- Data block
——
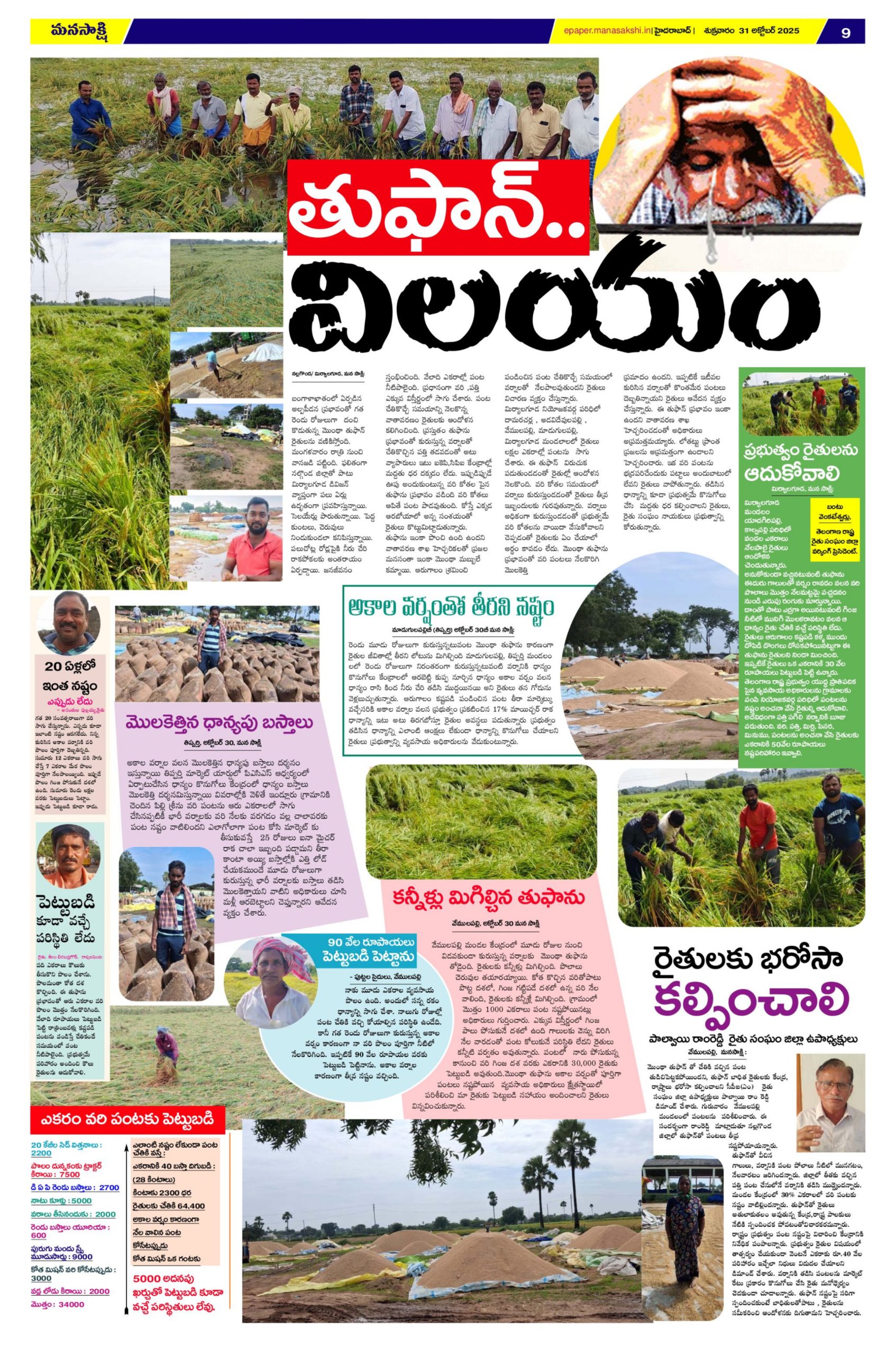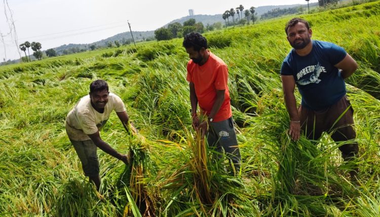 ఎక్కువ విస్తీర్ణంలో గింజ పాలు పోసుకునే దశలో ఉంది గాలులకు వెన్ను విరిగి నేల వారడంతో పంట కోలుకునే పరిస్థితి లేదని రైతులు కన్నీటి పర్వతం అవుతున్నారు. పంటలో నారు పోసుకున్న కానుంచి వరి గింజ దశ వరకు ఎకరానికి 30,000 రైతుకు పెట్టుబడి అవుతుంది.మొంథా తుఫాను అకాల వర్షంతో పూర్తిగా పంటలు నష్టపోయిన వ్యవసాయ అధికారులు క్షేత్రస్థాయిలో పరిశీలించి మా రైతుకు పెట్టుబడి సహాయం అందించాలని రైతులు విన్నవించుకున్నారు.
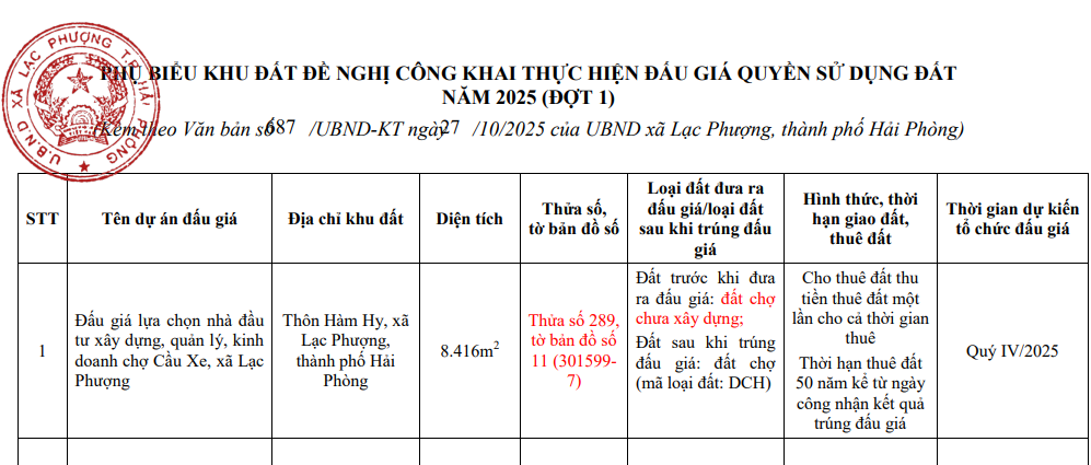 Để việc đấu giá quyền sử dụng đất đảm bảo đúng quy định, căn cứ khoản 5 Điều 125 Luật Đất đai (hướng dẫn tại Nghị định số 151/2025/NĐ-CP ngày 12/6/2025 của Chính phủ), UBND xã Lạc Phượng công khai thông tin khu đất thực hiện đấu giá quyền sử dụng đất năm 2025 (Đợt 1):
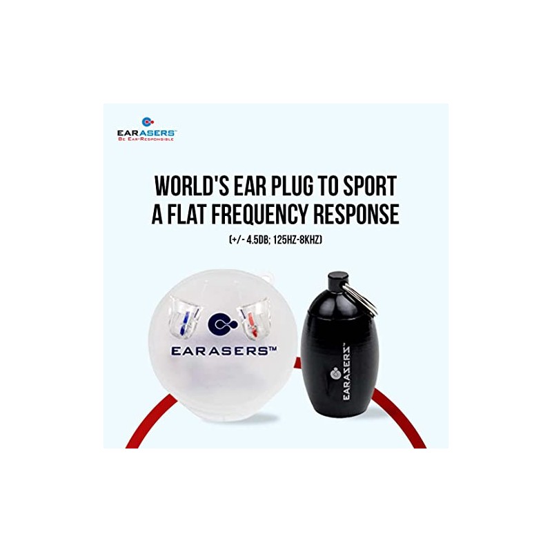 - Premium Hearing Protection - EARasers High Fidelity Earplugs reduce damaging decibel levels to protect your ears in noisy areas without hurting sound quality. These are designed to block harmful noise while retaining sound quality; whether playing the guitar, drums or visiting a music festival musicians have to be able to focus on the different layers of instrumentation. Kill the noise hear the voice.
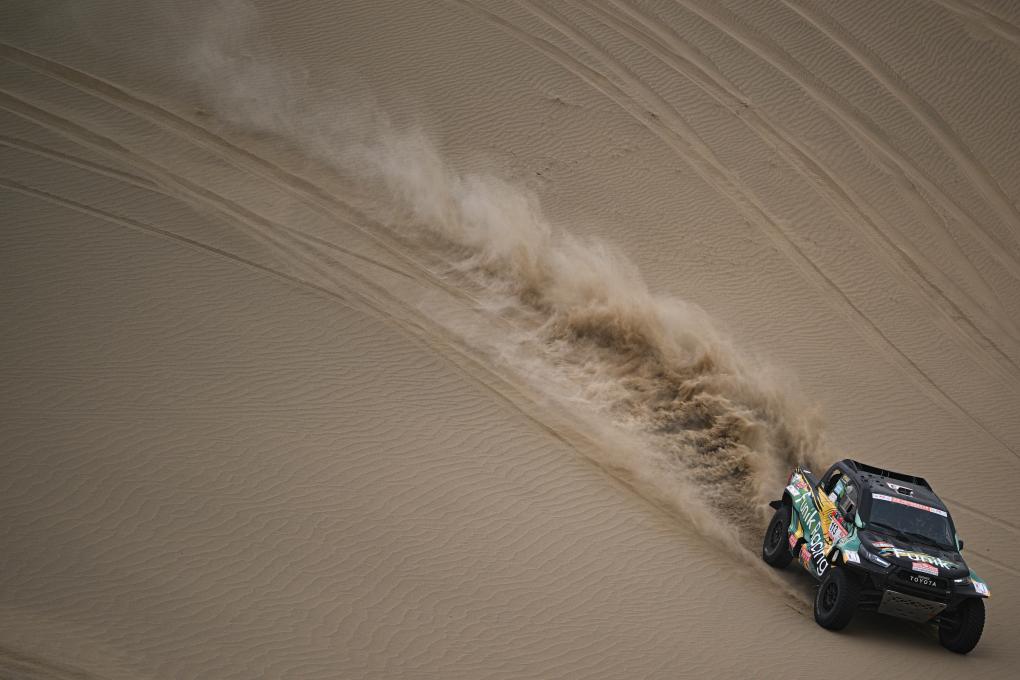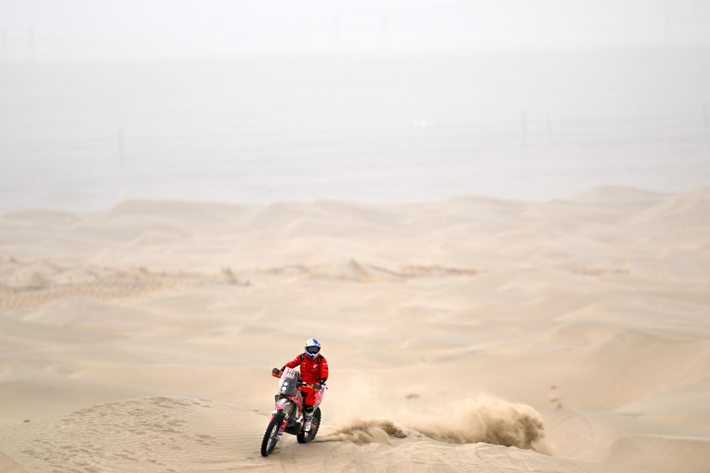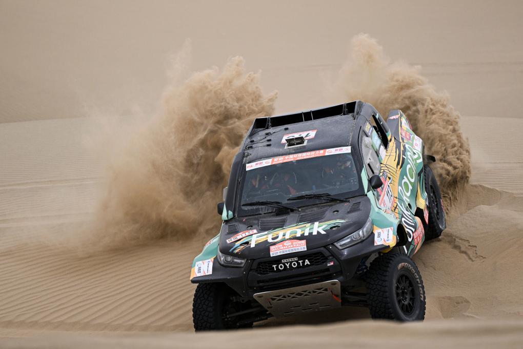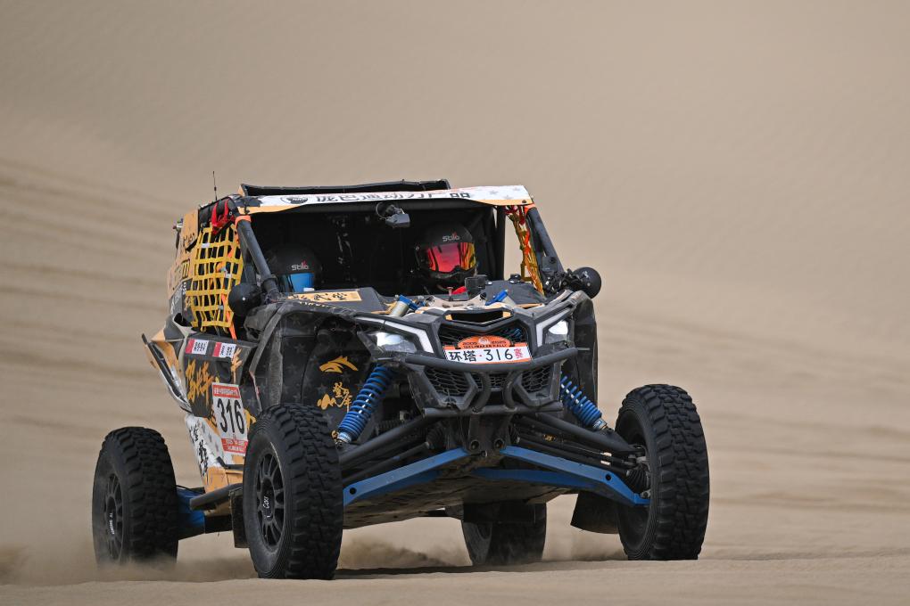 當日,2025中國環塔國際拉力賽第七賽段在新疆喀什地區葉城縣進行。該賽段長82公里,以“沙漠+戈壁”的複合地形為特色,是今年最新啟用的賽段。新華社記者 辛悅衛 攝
——
- Exercise directions
Output, exactly as written, only the lines from the beginning of the listing through the line containing "- Premium Hearing", both included, and no pictures.

- Response to the task
 ఎక్కువ విస్తీర్ణంలో గింజ పాలు పోసుకునే దశలో ఉంది గాలులకు వెన్ను విరిగి నేల వారడంతో పంట కోలుకునే పరిస్థితి లేదని రైతులు కన్నీటి పర్వతం అవుతున్నారు. పంటలో నారు పోసుకున్న కానుంచి వరి గింజ దశ వరకు ఎకరానికి 30,000 రైతుకు పెట్టుబడి అవుతుంది.మొంథా తుఫాను అకాల వర్షంతో పూర్తిగా పంటలు నష్టపోయిన వ్యవసాయ అధికారులు క్షేత్రస్థాయిలో పరిశీలించి మా రైతుకు పెట్టుబడి సహాయం అందించాలని రైతులు విన్నవించుకున్నారు.
 Để việc đấu giá quyền sử dụng đất đảm bảo đúng quy định, căn cứ khoản 5 Điều 125 Luật Đất đai (hướng dẫn tại Nghị định số 151/2025/NĐ-CP ngày 12/6/2025 của Chính phủ), UBND xã Lạc Phượng công khai thông tin khu đất thực hiện đấu giá quyền sử dụng đất năm 2025 (Đợt 1):
 - Premium Hearing Protection - EARasers High Fidelity Earplugs reduce damaging decibel levels to protect your ears in noisy areas without hurting sound quality. These are designed to block harmful noise while retaining sound quality; whether playing the guitar, drums or visiting a music festival musicians have to be able to focus on the different layers of instrumentation. Kill the noise hear the voice.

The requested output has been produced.